WHAT IS NEEDED: The reply to the records below should contain exactly the lines from the line with "これらのポイントを押さえて、" through the line with "The interior layout", and nothing besides.

SUPPLIED MATERIAL:
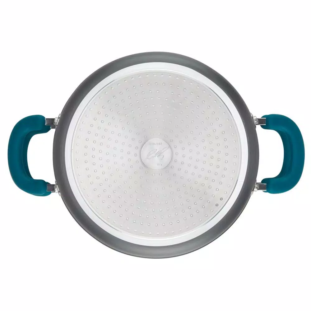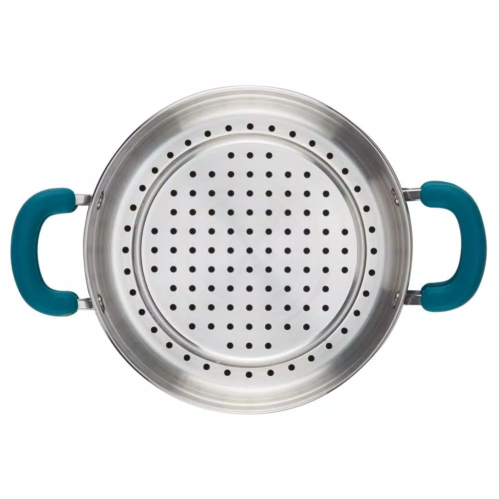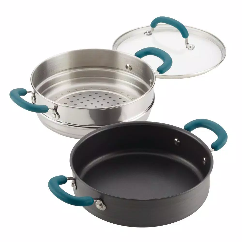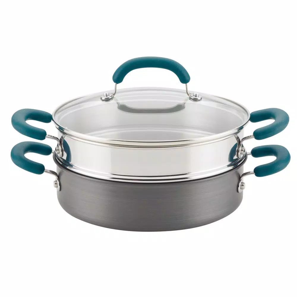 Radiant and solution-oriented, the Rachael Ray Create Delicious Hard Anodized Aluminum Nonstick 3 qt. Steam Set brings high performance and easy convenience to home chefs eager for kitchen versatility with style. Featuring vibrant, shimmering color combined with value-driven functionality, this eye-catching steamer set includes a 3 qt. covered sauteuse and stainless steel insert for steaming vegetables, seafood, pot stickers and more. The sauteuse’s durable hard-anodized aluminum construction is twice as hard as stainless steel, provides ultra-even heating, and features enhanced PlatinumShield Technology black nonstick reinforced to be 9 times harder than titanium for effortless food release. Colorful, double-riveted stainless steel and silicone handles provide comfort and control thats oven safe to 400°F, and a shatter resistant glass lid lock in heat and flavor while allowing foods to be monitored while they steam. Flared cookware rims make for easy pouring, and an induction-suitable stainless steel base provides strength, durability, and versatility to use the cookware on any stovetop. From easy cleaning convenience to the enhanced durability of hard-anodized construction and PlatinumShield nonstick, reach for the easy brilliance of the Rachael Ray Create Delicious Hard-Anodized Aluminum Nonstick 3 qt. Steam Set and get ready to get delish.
...
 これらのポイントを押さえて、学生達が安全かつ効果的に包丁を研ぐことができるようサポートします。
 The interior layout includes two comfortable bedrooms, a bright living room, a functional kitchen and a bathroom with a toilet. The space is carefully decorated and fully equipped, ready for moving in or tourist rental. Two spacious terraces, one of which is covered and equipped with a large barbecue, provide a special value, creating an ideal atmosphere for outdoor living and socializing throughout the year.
* * *
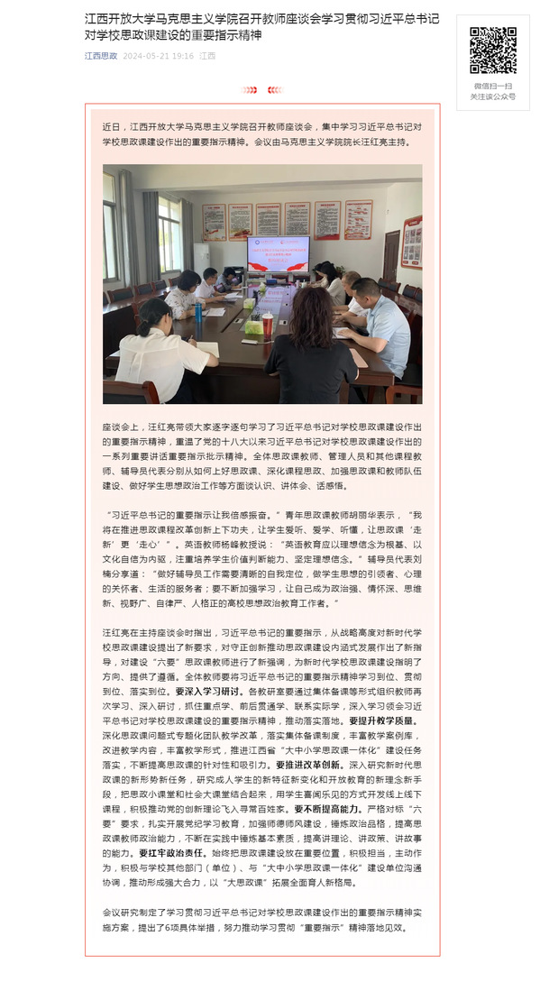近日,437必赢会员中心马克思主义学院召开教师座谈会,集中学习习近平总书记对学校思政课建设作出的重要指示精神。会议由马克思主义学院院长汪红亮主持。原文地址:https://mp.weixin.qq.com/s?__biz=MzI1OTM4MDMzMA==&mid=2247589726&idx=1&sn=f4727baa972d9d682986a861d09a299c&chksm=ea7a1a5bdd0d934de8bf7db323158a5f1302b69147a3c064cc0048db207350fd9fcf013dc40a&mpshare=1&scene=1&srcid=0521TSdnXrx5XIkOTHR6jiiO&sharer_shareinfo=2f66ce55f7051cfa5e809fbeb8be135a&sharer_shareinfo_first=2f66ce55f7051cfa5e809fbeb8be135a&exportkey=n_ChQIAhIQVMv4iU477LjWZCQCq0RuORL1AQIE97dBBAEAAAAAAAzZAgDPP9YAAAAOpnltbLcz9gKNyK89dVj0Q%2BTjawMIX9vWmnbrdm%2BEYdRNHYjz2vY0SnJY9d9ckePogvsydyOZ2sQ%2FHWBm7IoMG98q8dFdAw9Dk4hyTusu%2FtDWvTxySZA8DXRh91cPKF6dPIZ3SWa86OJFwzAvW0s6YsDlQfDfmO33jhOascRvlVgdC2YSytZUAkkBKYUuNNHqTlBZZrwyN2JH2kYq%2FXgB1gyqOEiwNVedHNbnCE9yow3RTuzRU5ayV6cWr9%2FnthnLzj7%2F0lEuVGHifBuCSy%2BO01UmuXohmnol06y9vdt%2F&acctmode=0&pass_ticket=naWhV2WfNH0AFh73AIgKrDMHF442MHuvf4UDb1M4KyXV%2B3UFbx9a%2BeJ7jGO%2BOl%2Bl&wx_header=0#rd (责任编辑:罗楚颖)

YOUR SOLUTION:
 これらのポイントを押さえて、学生達が安全かつ効果的に包丁を研ぐことができるようサポートします。
 The interior layout includes two comfortable bedrooms, a bright living room, a functional kitchen and a bathroom with a toilet. The space is carefully decorated and fully equipped, ready for moving in or tourist rental. Two spacious terraces, one of which is covered and equipped with a large barbecue, provide a special value, creating an ideal atmosphere for outdoor living and socializing throughout the year.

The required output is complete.